Imaginative and prescient Transformers (ViT) Defined: Are They Higher Than CNNs?

March 1, 2025
Robot shutterstock.jpg

Google Deepmind hackathon to pit meatbags v machines • The Register

March 18, 2026
9e270cf6 cc57 4182 bc1f 28970dc64e73 800x420.jpg

Peter Thiel-backed crypto trade Bullish formally recordsdata for IPO

July 19, 2025

About Us

Welcome to News AI World, your go-to source for the latest in artificial intelligence news and developments.

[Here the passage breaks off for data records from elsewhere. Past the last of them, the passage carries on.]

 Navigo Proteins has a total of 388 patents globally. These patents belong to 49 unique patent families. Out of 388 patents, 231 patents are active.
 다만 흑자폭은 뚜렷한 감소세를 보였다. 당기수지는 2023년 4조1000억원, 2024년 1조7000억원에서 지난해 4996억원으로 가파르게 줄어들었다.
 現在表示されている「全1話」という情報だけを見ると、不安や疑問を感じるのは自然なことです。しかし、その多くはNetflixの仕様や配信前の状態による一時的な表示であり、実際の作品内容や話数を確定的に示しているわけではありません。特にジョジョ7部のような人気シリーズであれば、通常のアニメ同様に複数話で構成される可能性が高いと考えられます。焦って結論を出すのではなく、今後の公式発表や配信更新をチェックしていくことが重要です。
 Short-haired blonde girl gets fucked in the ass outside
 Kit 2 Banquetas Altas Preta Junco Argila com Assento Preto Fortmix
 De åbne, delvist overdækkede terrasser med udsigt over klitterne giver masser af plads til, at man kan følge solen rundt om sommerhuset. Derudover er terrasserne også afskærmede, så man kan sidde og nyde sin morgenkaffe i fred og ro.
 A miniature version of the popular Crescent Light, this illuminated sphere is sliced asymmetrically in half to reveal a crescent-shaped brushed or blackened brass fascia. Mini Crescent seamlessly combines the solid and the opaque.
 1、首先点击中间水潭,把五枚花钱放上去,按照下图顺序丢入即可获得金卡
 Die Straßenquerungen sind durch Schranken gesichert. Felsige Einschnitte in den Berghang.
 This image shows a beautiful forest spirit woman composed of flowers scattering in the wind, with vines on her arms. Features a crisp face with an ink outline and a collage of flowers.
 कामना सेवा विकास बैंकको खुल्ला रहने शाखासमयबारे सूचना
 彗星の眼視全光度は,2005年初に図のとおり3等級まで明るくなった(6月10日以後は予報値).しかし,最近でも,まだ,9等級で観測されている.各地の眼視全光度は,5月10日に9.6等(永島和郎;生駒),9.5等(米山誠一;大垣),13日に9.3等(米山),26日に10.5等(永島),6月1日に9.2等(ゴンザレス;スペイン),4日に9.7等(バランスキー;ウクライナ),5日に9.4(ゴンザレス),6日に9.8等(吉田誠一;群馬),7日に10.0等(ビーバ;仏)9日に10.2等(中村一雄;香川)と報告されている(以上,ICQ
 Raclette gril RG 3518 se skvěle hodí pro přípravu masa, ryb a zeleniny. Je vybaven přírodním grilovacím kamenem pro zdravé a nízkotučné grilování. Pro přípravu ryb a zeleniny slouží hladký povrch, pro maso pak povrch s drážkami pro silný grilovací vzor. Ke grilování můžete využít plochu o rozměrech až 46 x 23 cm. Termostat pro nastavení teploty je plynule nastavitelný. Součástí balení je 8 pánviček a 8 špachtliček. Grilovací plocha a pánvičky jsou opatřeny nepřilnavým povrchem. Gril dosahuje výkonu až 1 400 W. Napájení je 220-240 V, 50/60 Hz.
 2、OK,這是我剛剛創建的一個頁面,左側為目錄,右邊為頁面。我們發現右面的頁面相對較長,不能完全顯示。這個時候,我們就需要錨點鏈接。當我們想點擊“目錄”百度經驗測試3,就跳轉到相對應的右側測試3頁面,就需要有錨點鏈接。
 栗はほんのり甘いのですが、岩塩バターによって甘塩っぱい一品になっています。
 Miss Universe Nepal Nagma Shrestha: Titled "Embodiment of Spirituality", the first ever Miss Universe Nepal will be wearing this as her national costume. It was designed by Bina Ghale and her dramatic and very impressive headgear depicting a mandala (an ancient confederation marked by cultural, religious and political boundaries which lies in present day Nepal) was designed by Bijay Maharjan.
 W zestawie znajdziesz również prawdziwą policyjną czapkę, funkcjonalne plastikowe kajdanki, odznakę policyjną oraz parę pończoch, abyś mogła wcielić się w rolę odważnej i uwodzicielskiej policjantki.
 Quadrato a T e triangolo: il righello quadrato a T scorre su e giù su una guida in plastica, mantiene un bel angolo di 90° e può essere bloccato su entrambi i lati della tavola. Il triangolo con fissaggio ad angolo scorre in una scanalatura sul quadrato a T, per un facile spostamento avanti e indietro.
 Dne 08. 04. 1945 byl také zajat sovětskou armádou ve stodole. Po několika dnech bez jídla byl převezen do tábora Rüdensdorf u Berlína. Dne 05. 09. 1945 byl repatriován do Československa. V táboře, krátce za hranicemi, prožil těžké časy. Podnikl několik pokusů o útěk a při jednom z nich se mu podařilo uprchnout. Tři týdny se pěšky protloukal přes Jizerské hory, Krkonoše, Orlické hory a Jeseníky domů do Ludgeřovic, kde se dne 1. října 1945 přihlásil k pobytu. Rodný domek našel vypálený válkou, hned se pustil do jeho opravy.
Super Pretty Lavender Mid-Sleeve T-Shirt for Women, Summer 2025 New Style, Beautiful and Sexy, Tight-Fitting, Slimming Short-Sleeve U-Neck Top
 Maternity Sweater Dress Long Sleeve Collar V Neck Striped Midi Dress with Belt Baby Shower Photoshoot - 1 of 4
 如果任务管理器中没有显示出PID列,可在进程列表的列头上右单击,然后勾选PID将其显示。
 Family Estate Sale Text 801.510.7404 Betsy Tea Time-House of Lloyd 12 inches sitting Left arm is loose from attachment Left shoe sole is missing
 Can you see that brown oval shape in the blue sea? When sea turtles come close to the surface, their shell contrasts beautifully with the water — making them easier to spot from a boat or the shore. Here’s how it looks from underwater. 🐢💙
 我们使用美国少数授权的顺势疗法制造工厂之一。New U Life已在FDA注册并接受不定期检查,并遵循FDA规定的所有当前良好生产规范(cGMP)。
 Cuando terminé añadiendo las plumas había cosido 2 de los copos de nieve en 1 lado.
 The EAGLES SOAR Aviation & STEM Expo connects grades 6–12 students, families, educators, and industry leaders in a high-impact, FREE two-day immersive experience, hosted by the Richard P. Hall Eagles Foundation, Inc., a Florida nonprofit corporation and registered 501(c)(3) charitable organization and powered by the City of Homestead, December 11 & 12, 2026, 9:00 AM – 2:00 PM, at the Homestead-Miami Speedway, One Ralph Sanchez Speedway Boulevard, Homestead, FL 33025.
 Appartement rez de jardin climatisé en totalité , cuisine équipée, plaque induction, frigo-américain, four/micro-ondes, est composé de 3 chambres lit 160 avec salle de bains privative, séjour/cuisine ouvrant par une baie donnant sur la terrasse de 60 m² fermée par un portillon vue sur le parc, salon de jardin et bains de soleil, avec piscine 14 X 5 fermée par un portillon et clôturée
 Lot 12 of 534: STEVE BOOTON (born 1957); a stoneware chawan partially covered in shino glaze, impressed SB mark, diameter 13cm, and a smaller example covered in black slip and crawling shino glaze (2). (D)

Our mission is to deliver comprehensive and insightful coverage of the rapidly evolving AI landscape, keeping you informed about breakthroughs, trends, and the transformative impact of AI technologies across industries.

Categories

  • Artificial Intelligence
  • ChatGPT
  • Crypto Coins
  • Data Science
  • Machine Learning

Recent Posts

  • 5 AI Coding Subscription Plans That Give Builders the Finest Worth
  • The right way to Select Between Small and Frontier Fashions
  • Vitalik Particulars Cryptographic Path To Non-public Onchain Voting
  • Home
  • About Us
  • Contact Us
  • Disclaimer
  • Privacy Policy

© 2024 Newsaiworld.com. All rights reserved.

No Result
View All Result
  • Home
  • Artificial Intelligence
  • ChatGPT
  • Data Science
  • Machine Learning
  • Crypto Coins
  • Contact Us

© 2024 Newsaiworld.com. All rights reserved.

Are you sure want to unlock this post?
Unlock left : 0
Are you sure want to cancel subscription?